ワカサギの卵、出荷終了 諏訪湖漁協

LINEで送る
Pocket

諏訪湖漁業協同組合はワカサギの採卵事業で今年の卵の出荷を終えた。例年だと4月下旬に親魚の産卵のため遡上がピークを迎えるが、今季は「主群の遡上がなかなか見られず、今後も回復の見通しがないと判断せざるを得ない」としている。4月25日現在の採卵量は3億2000万粒で、前年同期の11億粒と比べ、大きく減っている。今後の採卵分はすべて自湖放流分とし、諏訪湖の水産資源の維持を目指す。

諏訪湖漁協によると、今季は6億4000万粒を受注したが、出荷できたのは6分の1程度の1億1000万粒にとどまった。昨季は14億粒を採卵し、7億粒を出荷した。

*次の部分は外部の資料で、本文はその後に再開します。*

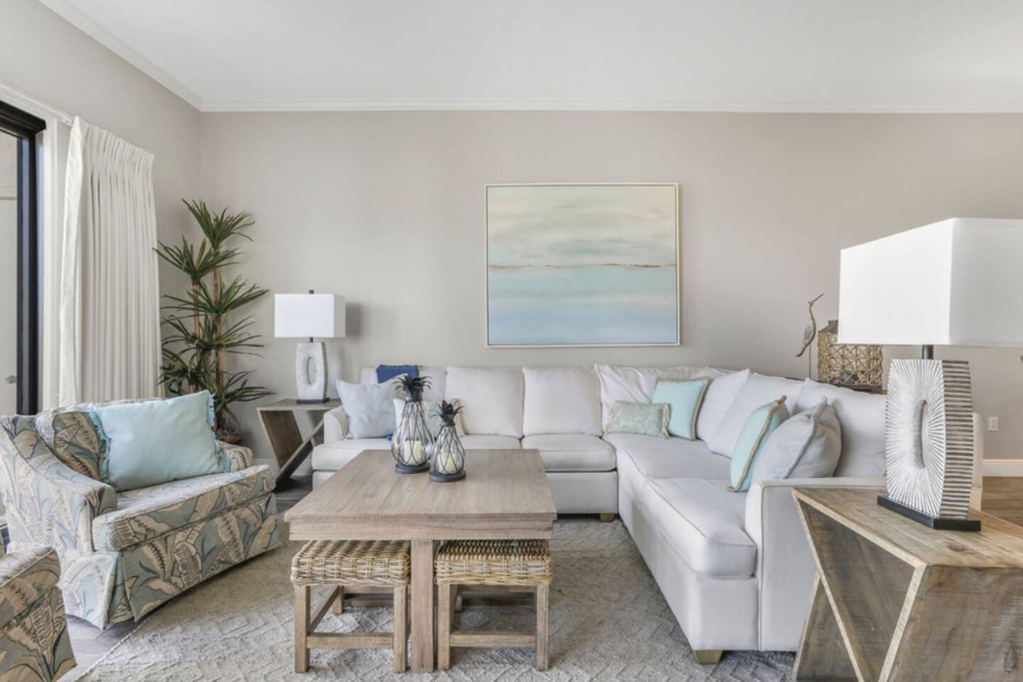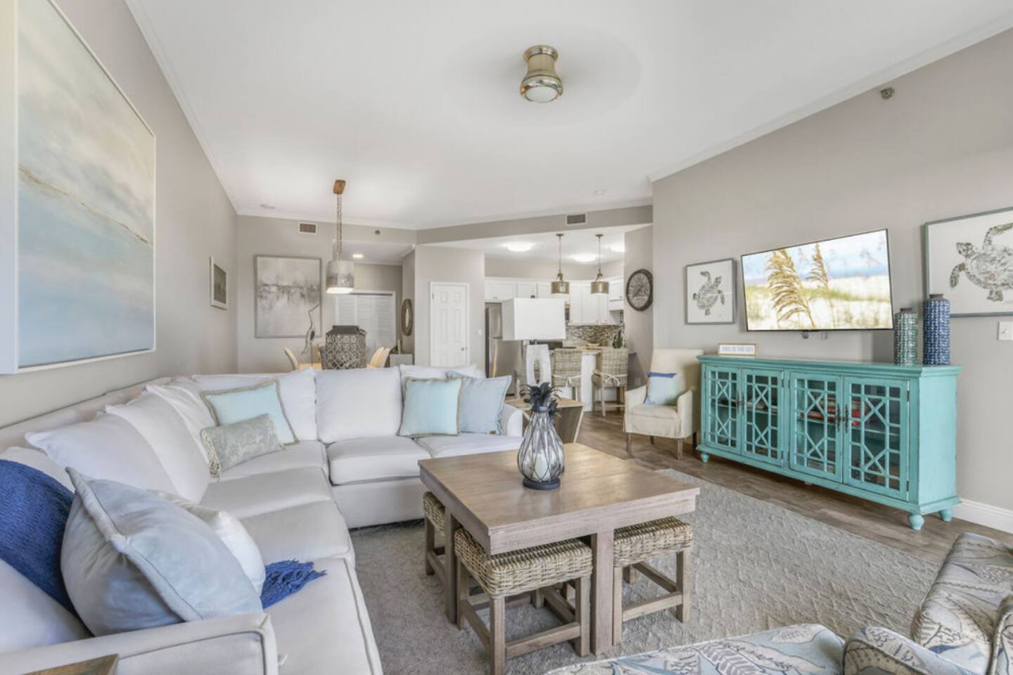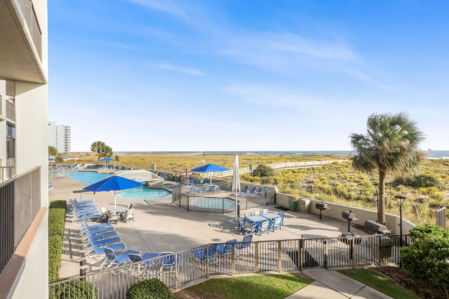Located in the heart of Orange Beach at Phoenix VI, you will enjoy the comforts of home while having luxury amenities at your fingertips at "My Coastal Haven". You can have it all with plush beds, clean and well maintenance condo, fully stocked kitchen, stunning beach views, 3 pools, a gym, sauna, racquetball and tennis/pickleball courts! No fighting elevator lines or big staircases, this condo is located on the first floor with easy access for your entire group! SLEEPING ARRANGEMENTS: Bedroom 1: King Bed + Ensuite Bathroom + Walk Out Balcony Bedroom 2: King Bed Bedroom 3: Queen Bed + Queen Bed Living Room: Pull Out Sofa Additional full bathroom located in the hallway between bedrooms 2 and 3. KITCHEN: Amateur cooks and culinary experts will both enjoy the fully stocked kitchen including blender, microwave, toaster, crock pot, griddle and more! Coffee lovers will enjoy your first cup on us! Your choice of Keurig or drip coffee maker. DINING: - 6 seats at the dining table - 3 seats at the kitchen bar LIVING ROOM: There's room for everyone on movie nights at the beach; Three accent chairs, oversized sectional and 4 small stools for littles around the coffee table. The large sectional folds out to be a comfortable queen sleeper sofa. 55 inch Smart TV with streaming apps - bring your passwords. BEACH SUPPLIES: Save space in your car if you'd like! In the condo you'll find: 4 Chairs 1 Umbrella Variety Beach Toys CONDO AMENITIES: Outdoor Pool Outdoor Kiddie Pool Indoor Heated Pool Sauna Indoor Hot Tubs Fitness Center Racquetball Tennis/Pickleball Courts EXPECTATIONS: Upon arrival you will have clean sheets and covers on all beds. One bath towel and one hand towel per person provided. Two hand towels per bathroom provided as well as one kitchen towel. A starter supply of incidentals including: - Coffee/K Cups - 2 Dishwasher Tablets - 2 Laundry Pods - 3oz Dish Soap - Sponge - 1 Trash Bag per can - 1 Roll Paper Towel - 1 Roll Toilet Paper per bathroom PARKING: Up to 2 cars with paid parking on site. $65/vehicle per stay beginning March 1, 2026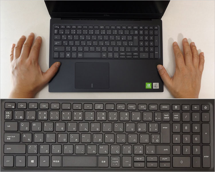 BackSpaceと¥、半角全角キーが小さいのでやや扱いづらい。カーソルキーでは段差や空間がなく、他のキーと整列されているため、やや扱いにくい。15.6インチノートという幅の制限があるため、テンキーはやや窮屈。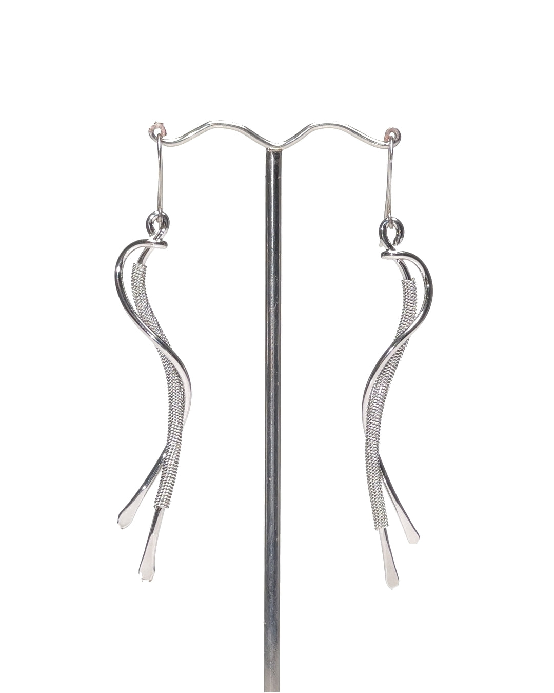 Orecchini che interpretano la leggerezza formale attraverso linee fluide e asimmetriche. La struttura in metallo rodiato è composta da due elementi sinuosi che si intrecciano in un movimento delicato, alternando superfici lisce e tratti intrecciati per creare un ritmo naturale e dinamico. Il design, slanciato e armonioso, accompagna il volto con eleganza essenziale.

採卵は3月上旬から開始し、中旬から受注先に対し、注文量の半分を発送する形で開始した。昨秋のワカサギは生育が良く、魚体が大きい特徴があった。昨年12月の資源量は1000万尾と推定されていた。

主群が遡上しない原因は現在検討中。今冬は記録的な暖冬で湖面が結氷せず、魚食性鳥類の影響を受け続けた。カワアイサは例年並みだったが、カワウは増加傾向。さらに これまで短期的に姿を見せるカンムリカイツブリが長期にわたって滞留し続けた。4月17日に茅野市の上川の粟沢橋上流の河川工事で濁水が発生し、河口まで水が濁った影響については「濁水の影響も拭い切れない」としている。